Tchaikovsky’s last three symphonies are probably the most performed and recorded symphonies in existence. Other contenders include those of Beethoven, Mozart, and maybe Haydn by virtue of there being over a hundred of them, but the trinity that is Tchaikovsky’s four, five, and six delivers a sampling of Romanticism that has proven irresistible to popular taste. Brahms might be worth mentioning too, had he left us more than four to choose from.
However, while there are countless recordings of these symphonies on the market, I think we’ve all grown accustomed to hearing a certain kind of Tchaikovsky. That is, few times have my ears ever been challenged by a noticeably divergent interpretation of these pieces. A fifteen minute first movement of the fifth symphony, for example, is standard fare.
Or at least this was the case it seemed until I discovered the recordings of these symphonies performed by Romanian conductor Sergui Celibidache with the Munich Philharmonic. There are certainly a few things that make these recordings special, but the first thing I’ll mention is the most obvious: the track lengths listed on the back of each album case immediately indicate just how slow he takes these pieces. His recorded performance of the fourth symphony, for example, lasts a staggering 56′25″. The only other recording (that I know of) that even comes remotely close to this is Leonard Bernstein’s recording with the New York Philharmonic, clocking in at roughly 48 minutes.
But of course, raw length doesn’t say much about any performance beyond vaguely describing the tempo. In fact, while it may be common to apply a deliberate slowness to Tchaikovsky’s music for gross emotional flavoring, this probably wasn’t Celibidache’s intent. The late conductor’s son explains his father’s philosophy:
According to my father, the tempo of a specific piece is not given by a metronome number but depends much rather on other criteria in the score and on the acoustic of a hall. This tempo fluctuates according to the complexity of the notes and their epiphenomena. In short, more notes need more time to develop and return (to the ear). The richer the music, the slower the tempo.

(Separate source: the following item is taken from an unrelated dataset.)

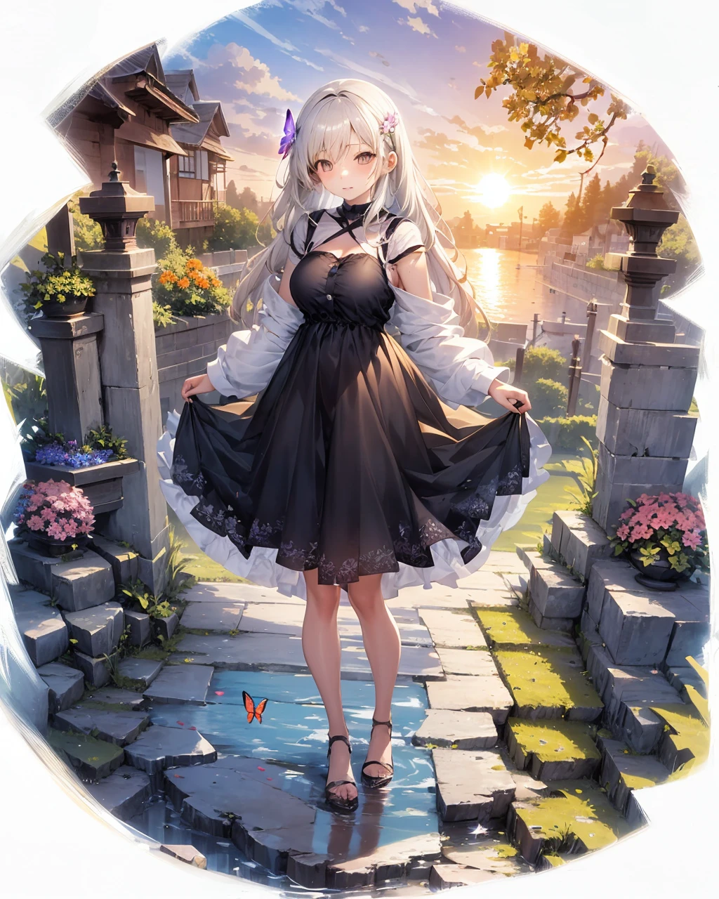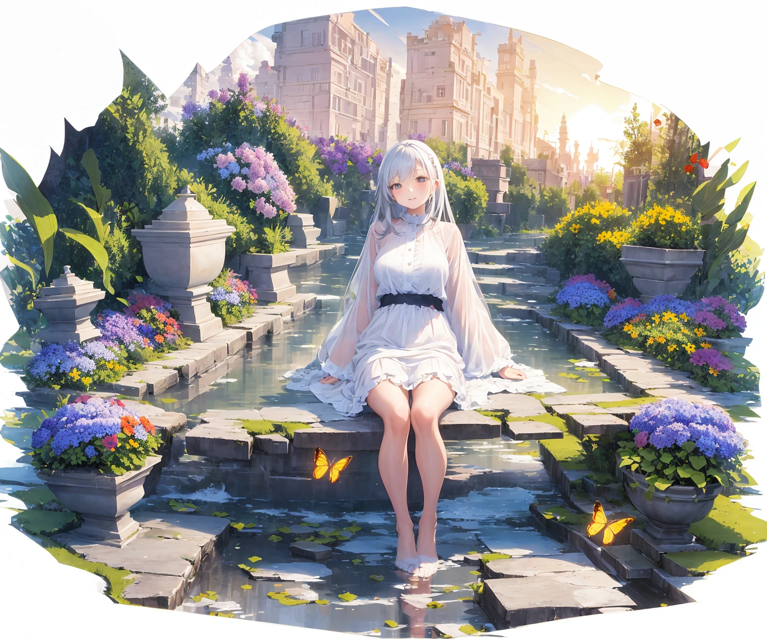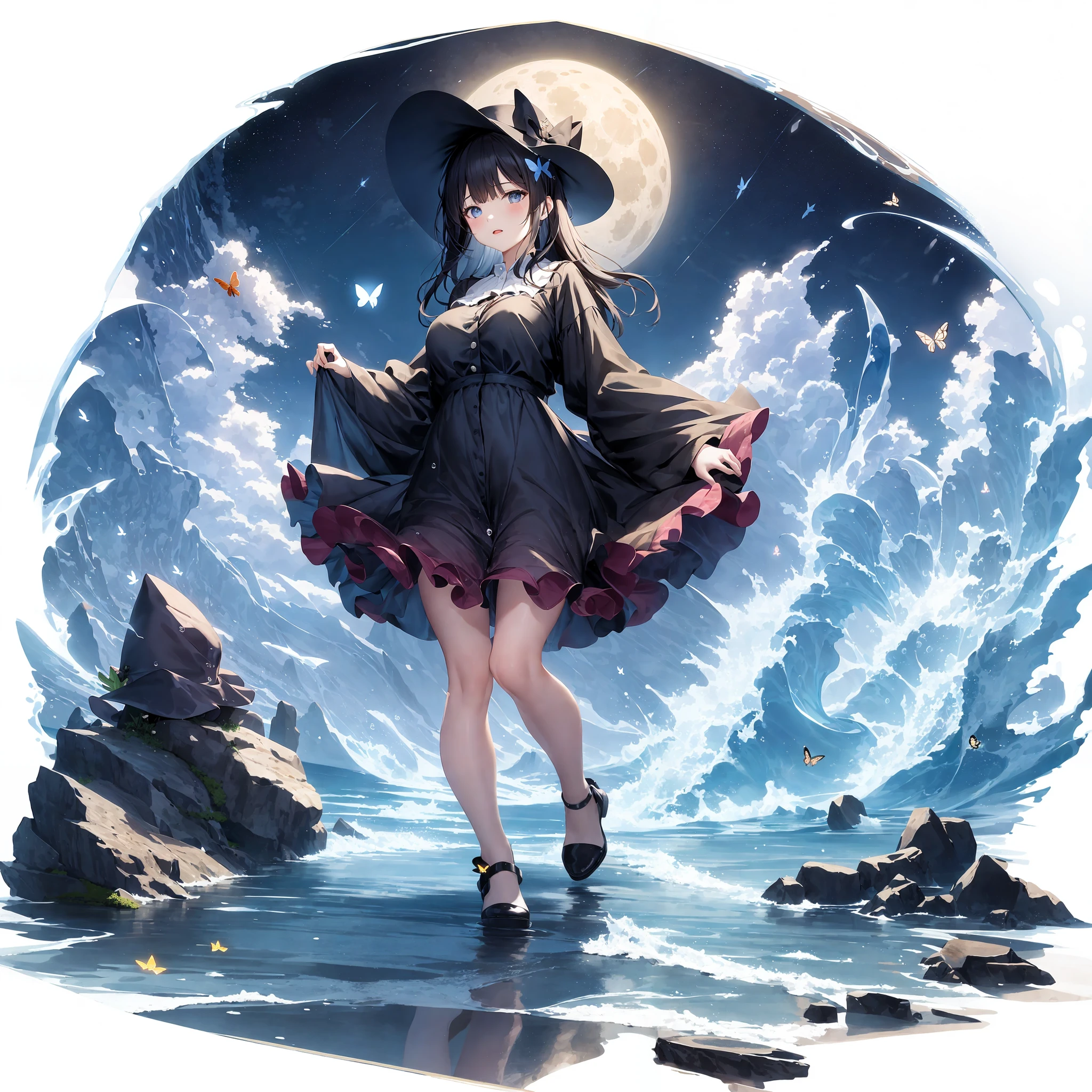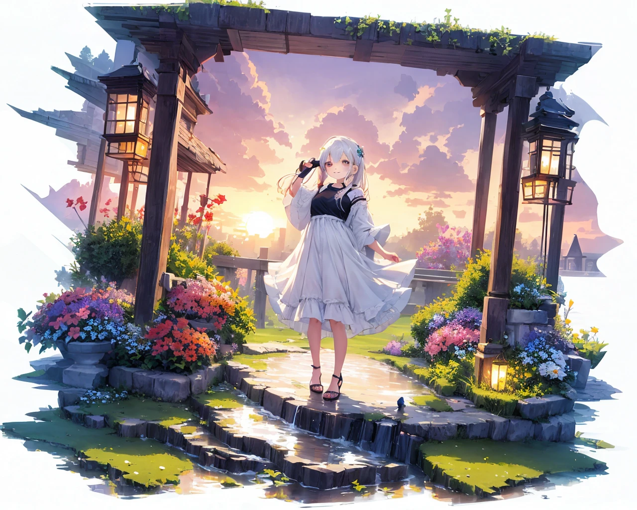 (white background:1.5), hexagon, 1 girl, mid shot, full body

This is a decidedly intellectual approach to performing music, but a fitting one for a conductor who committed to creating unique, enriching experiences for himself, the musicians, and the audience. Unfortunately, the intricacies are mostly lost in the translation of real sound to electrical signals for those of us forced to relive the event through iTunes. Celibidache likewise frowned sternly upon recorded music, believing it to be an encumbrance to one’s spontaneity and in general a watered-down, unflattering rendering of the total experience. These recordings were thus produced and released posthumously by his son.
What we hear in these recordings is extremely passionate music, but I’m almost ashamed to say it given that this is simply the nature of Tchaikovsky’s music. Merely relaxing the tempo could not alone explain the effectiveness of Celibidache’s conducting, but I will say that the dauntingly lachrymose finale of the sixth symphony is especially effective at this pace.
I’ll dispense with any attempt to qualitatively describe Celibidache’s performances in words; frankly, I’ve never been satisfied with any kind of language that attempts to communicate musical feeling (the kind you find in concert program notes, for example). It just sounds silly and overworked to me. I’ll simply recommend that you give at least one of these recordings a dedicated listen, uninterrupted, from beginning to end, and hopefully on a device with respectable audio capabilities (i.e. your laptop speakers won’t do). A conductor who didn’t believe in recorded music deserves at least that much.